Task item — Return each line of the data below exactly, omitting any pictures.

*** Supplied material ***

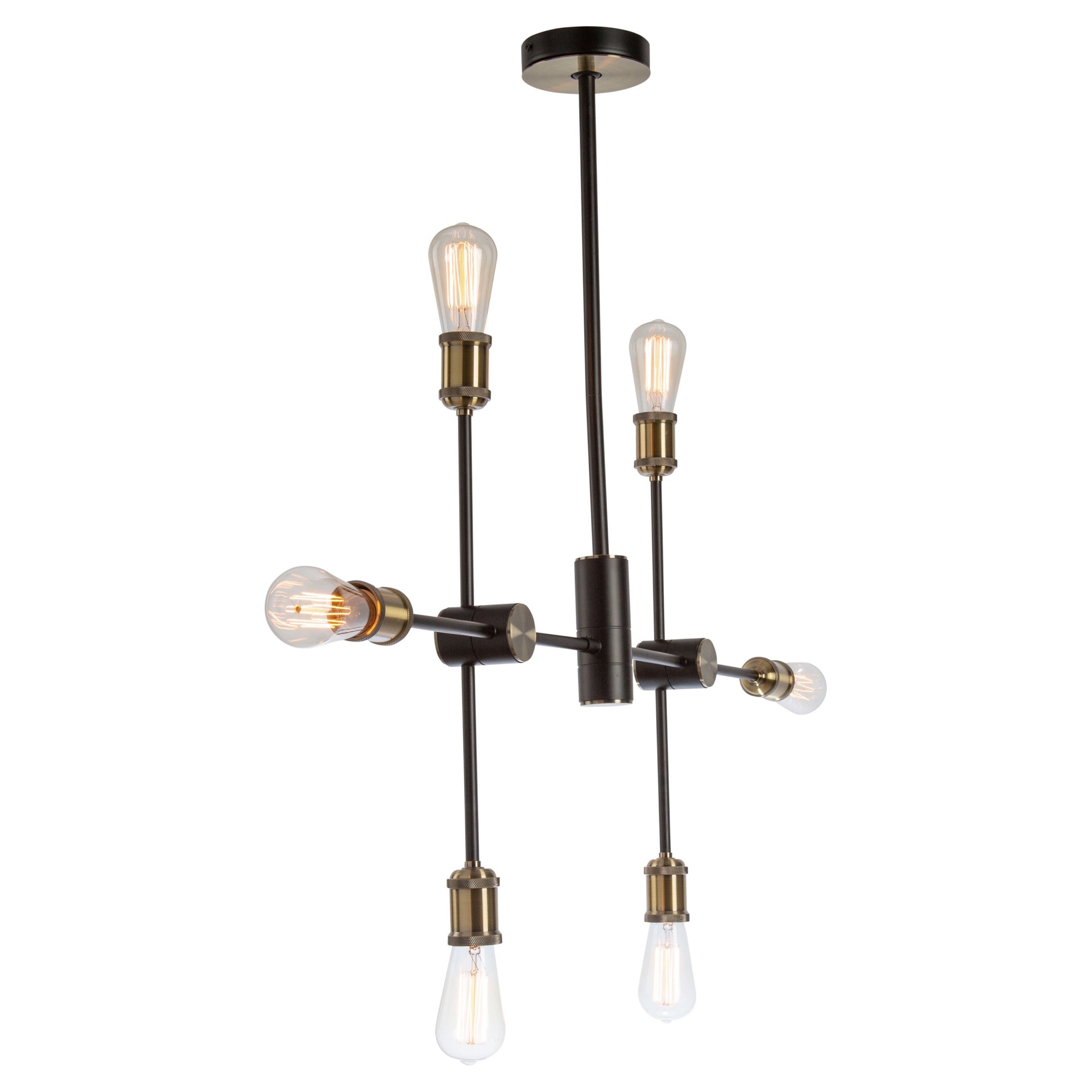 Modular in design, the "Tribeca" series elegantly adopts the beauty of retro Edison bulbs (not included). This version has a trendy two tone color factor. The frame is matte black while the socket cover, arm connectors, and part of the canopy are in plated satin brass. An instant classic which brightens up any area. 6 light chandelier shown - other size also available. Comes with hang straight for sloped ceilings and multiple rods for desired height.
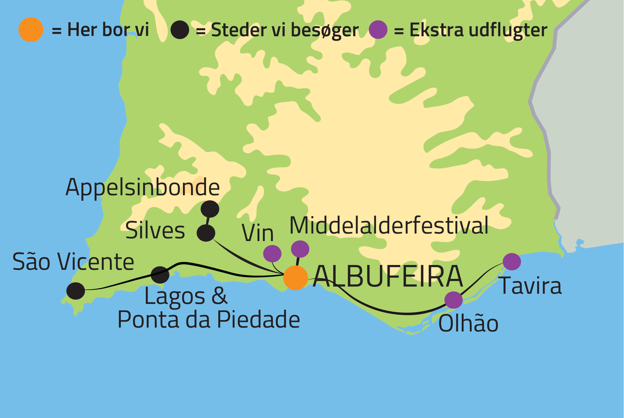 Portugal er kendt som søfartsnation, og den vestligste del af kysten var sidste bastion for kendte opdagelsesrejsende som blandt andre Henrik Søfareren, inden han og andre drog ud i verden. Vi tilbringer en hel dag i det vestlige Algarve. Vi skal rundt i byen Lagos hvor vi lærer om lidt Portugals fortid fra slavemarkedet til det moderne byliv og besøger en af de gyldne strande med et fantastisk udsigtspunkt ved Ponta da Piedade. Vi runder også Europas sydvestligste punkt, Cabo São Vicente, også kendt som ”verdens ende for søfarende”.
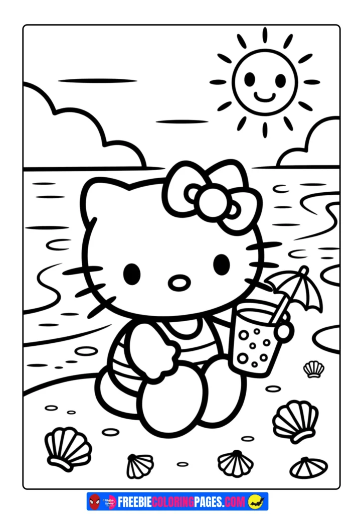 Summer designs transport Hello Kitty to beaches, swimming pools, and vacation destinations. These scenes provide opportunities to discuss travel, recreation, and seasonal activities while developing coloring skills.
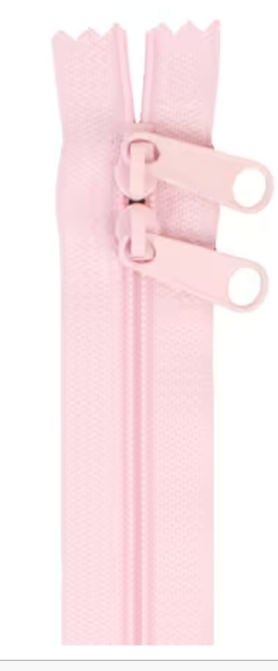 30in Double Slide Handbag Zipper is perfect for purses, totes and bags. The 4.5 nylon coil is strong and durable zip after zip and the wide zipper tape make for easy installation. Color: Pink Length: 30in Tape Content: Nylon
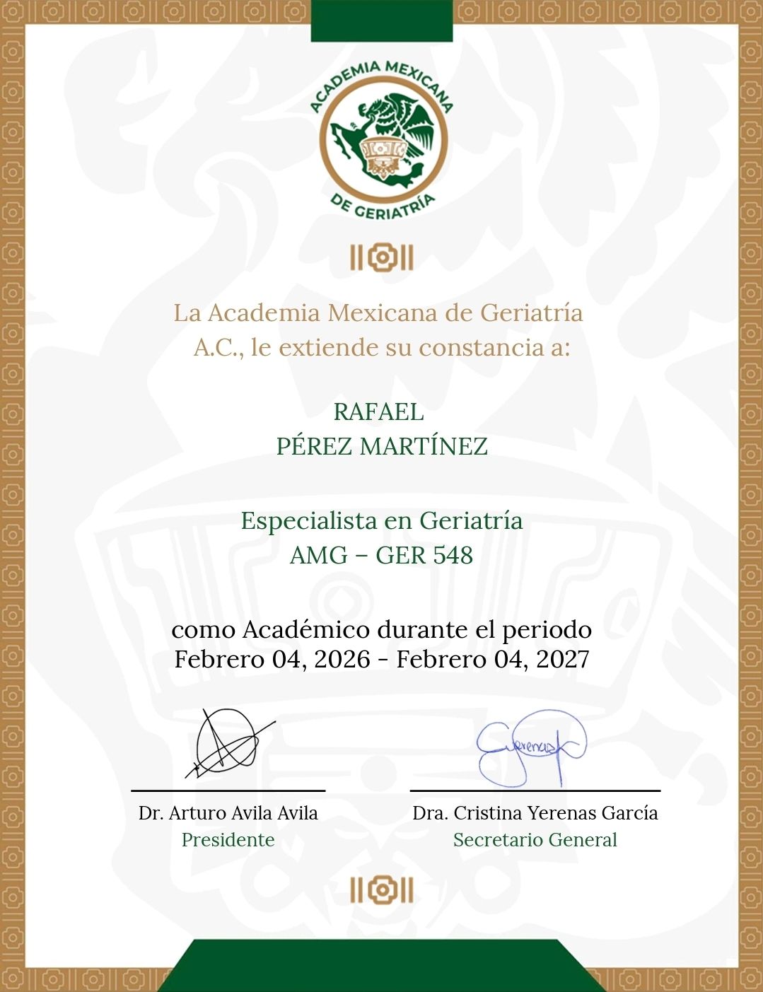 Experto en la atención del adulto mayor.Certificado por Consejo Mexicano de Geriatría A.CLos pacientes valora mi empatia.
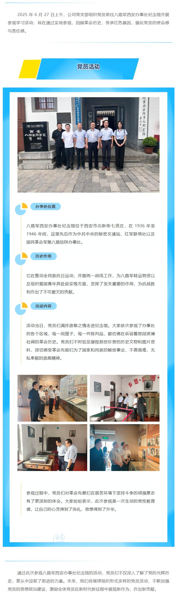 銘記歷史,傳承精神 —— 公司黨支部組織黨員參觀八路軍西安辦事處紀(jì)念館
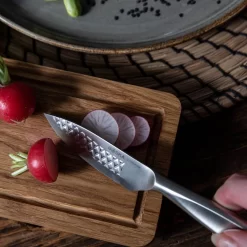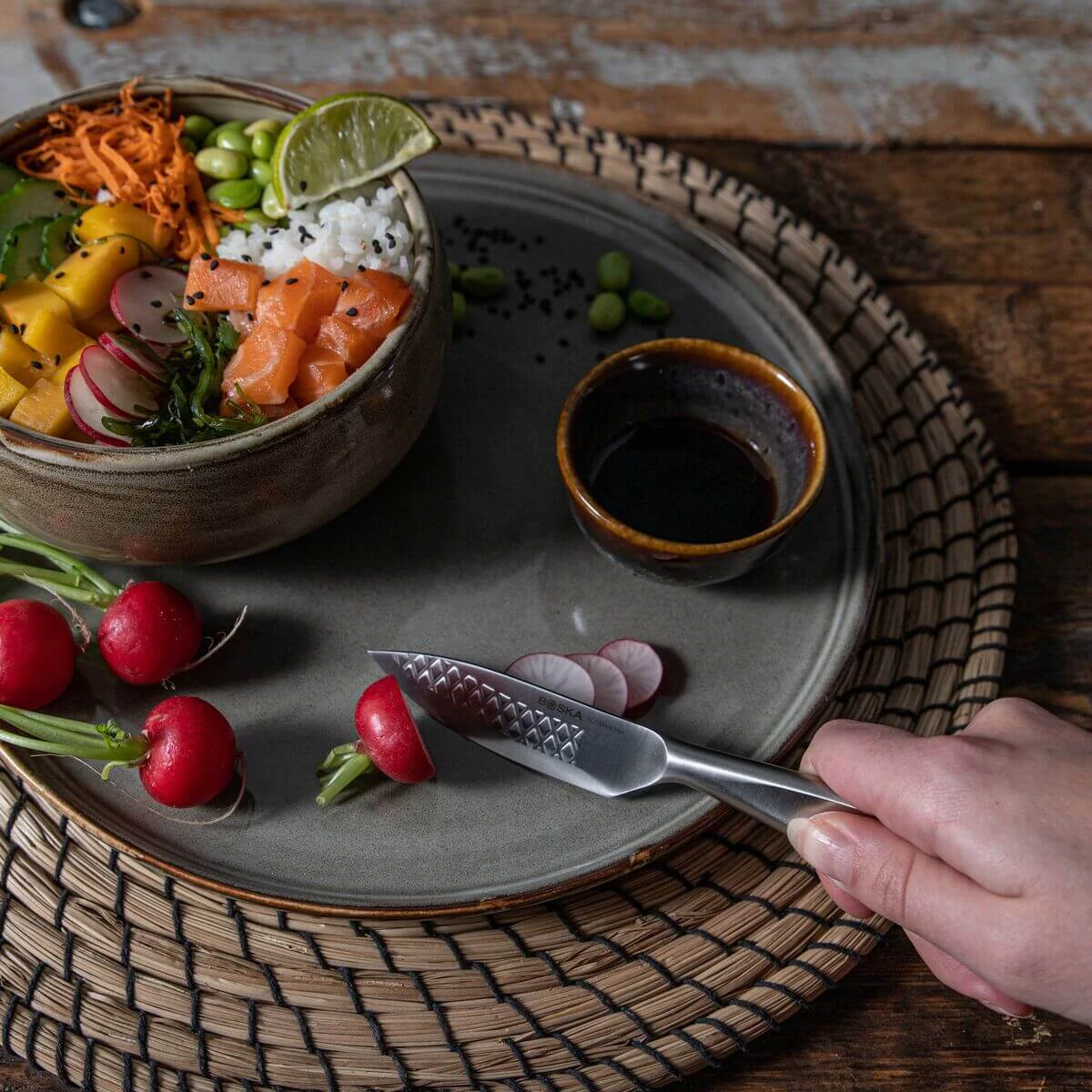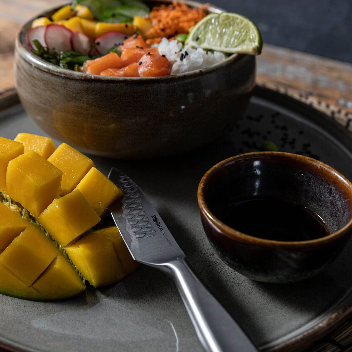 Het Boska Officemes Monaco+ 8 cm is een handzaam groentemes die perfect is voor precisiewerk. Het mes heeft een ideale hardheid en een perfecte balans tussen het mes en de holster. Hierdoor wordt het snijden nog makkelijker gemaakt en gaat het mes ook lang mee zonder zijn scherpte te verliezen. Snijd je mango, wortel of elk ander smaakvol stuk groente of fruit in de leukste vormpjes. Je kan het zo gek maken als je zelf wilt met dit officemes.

***

Exercise result —
 Modular in design, the "Tribeca" series elegantly adopts the beauty of retro Edison bulbs (not included). This version has a trendy two tone color factor. The frame is matte black while the socket cover, arm connectors, and part of the canopy are in plated satin brass. An instant classic which brightens up any area. 6 light chandelier shown - other size also available. Comes with hang straight for sloped ceilings and multiple rods for desired height.
 Portugal er kendt som søfartsnation, og den vestligste del af kysten var sidste bastion for kendte opdagelsesrejsende som blandt andre Henrik Søfareren, inden han og andre drog ud i verden. Vi tilbringer en hel dag i det vestlige Algarve. Vi skal rundt i byen Lagos hvor vi lærer om lidt Portugals fortid fra slavemarkedet til det moderne byliv og besøger en af de gyldne strande med et fantastisk udsigtspunkt ved Ponta da Piedade. Vi runder også Europas sydvestligste punkt, Cabo São Vicente, også kendt som ”verdens ende for søfarende”.
 Summer designs transport Hello Kitty to beaches, swimming pools, and vacation destinations. These scenes provide opportunities to discuss travel, recreation, and seasonal activities while developing coloring skills.
 30in Double Slide Handbag Zipper is perfect for purses, totes and bags. The 4.5 nylon coil is strong and durable zip after zip and the wide zipper tape make for easy installation. Color: Pink Length: 30in Tape Content: Nylon
 Experto en la atención del adulto mayor.Certificado por Consejo Mexicano de Geriatría A.CLos pacientes valora mi empatia.
 銘記歷史,傳承精神 —— 公司黨支部組織黨員參觀八路軍西安辦事處紀(jì)念館
 Het Boska Officemes Monaco+ 8 cm is een handzaam groentemes die perfect is voor precisiewerk. Het mes heeft een ideale hardheid en een perfecte balans tussen het mes en de holster. Hierdoor wordt het snijden nog makkelijker gemaakt en gaat het mes ook lang mee zonder zijn scherpte te verliezen. Snijd je mango, wortel of elk ander smaakvol stuk groente of fruit in de leukste vormpjes. Je kan het zo gek maken als je zelf wilt met dit officemes.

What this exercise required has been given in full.